Personal information
- Native name: Юрій Олександрович Кримаренко
- Full name: Yuriy Oleksandrovych Krymarenko
- Born: 11 August 1983 (age 42) Berdychiv, Zhytomyr Oblast, Ukrainian SSR, Soviet Union

Medal record
Representing Ukraine
Men's athletics
World Championships
| Gold medal – first place | 2005 Helsinki | High jump |
Military World Games
| Gold medal – first place | 2003 Catania | High jump |
| Silver medal – second place | 2011 Rio de Janeiro | High jump |
European Team Championships
| Gold medal – first place | 2009 Leiria | High jump |
European U23 Championships
| Bronze medal – third place | 2005 Erfurt | High jump |

= Yuriy Krymarenko =

Ukrainian high jumper

Yuriy Oleksandrovych Krymarenko (Юрій Олександрович Кримаренко; born August 11, 1983) is a Ukrainian high jumper.
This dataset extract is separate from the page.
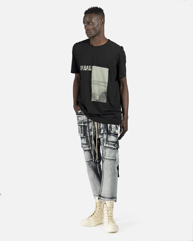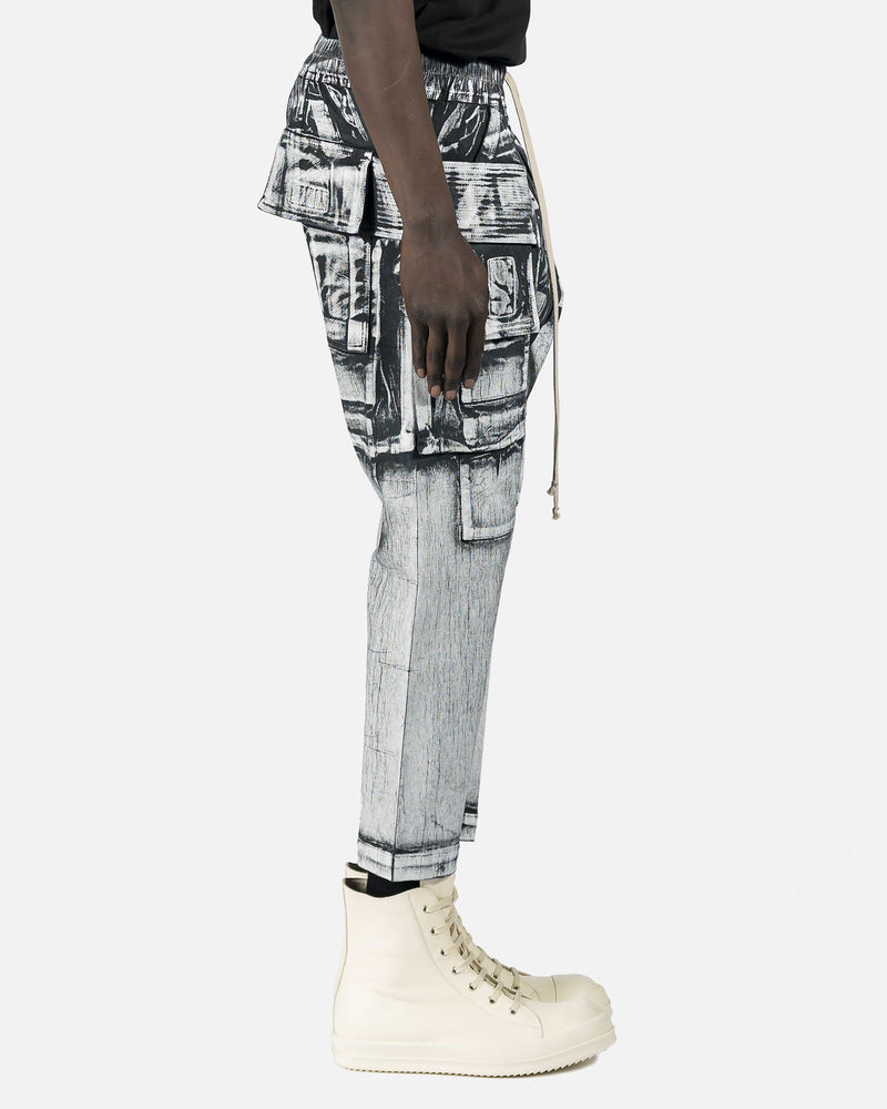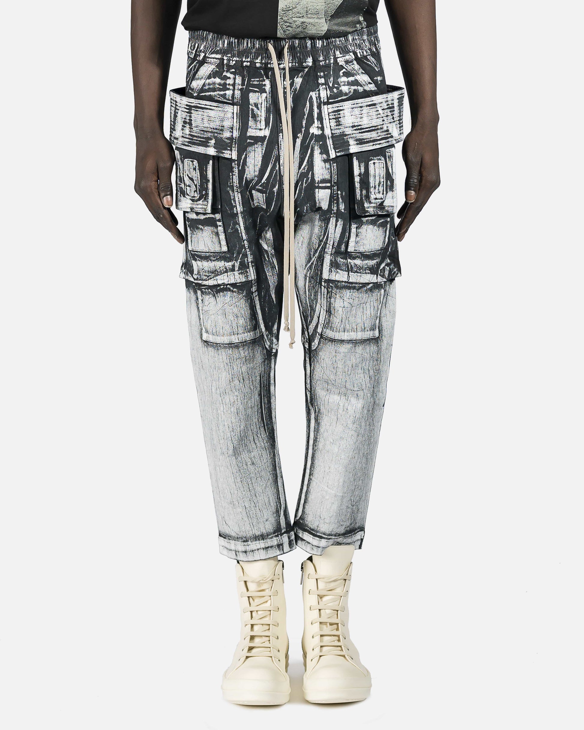 Tapered denim cargo pants in Milk & Black painted effect. Mid-rise. Six-pocket styling. Drawstring at elasticized waistband. Tonal ribbed trim.

His personal best performance is 2.33 m.

==Career==
Krymarenko won a gold medal in the 2005 World Championships in Athletics, clearing the height of 2.32 m which was the lowest winning result for men's high jump since 1983. The favorites of the contest, most notably Swede Stefan Holm, failed to jump over more than 2.29 m. Krymarenko had started the 2005 season with a silver medal in the European Under 23 Championships in Erfurt, Germany, where he was beaten by the Czech Republic's Jaroslav Bába.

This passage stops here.